(Beginning of Data provided)

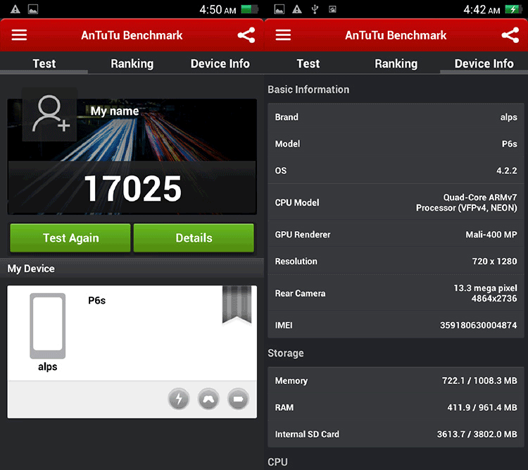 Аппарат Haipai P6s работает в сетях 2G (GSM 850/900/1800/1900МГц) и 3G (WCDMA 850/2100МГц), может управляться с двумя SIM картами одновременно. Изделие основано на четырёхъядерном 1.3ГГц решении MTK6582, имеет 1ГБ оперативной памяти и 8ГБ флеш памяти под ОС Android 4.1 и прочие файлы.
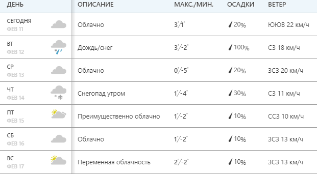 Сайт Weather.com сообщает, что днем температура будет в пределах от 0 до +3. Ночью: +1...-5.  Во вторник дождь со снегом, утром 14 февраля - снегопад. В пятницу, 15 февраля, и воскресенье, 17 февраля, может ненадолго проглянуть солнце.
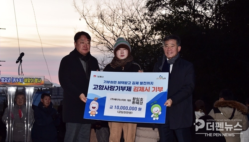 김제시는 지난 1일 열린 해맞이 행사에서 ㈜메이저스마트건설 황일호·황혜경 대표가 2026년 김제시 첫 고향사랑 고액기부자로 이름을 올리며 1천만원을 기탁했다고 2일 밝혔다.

(End of Data provided)
(Beginning of Data provided)

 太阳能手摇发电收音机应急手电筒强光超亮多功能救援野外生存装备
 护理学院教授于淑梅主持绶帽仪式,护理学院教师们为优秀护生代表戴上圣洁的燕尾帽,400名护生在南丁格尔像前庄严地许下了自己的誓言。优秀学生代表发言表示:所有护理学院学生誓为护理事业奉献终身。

(End of Data provided)

## Problem statement
Would you print exactly the lines in the listing above, from the line bearing "Аппарат Haipai P6s" through the line bearing "Сайт Weather.com сообщает, что днем", leaving out all pictures?

## Answer to the problem
 Аппарат Haipai P6s работает в сетях 2G (GSM 850/900/1800/1900МГц) и 3G (WCDMA 850/2100МГц), может управляться с двумя SIM картами одновременно. Изделие основано на четырёхъядерном 1.3ГГц решении MTK6582, имеет 1ГБ оперативной памяти и 8ГБ флеш памяти под ОС Android 4.1 и прочие файлы.
 Сайт Weather.com сообщает, что днем температура будет в пределах от 0 до +3. Ночью: +1...-5.  Во вторник дождь со снегом, утром 14 февраля - снегопад. В пятницу, 15 февраля, и воскресенье, 17 февраля, может ненадолго проглянуть солнце.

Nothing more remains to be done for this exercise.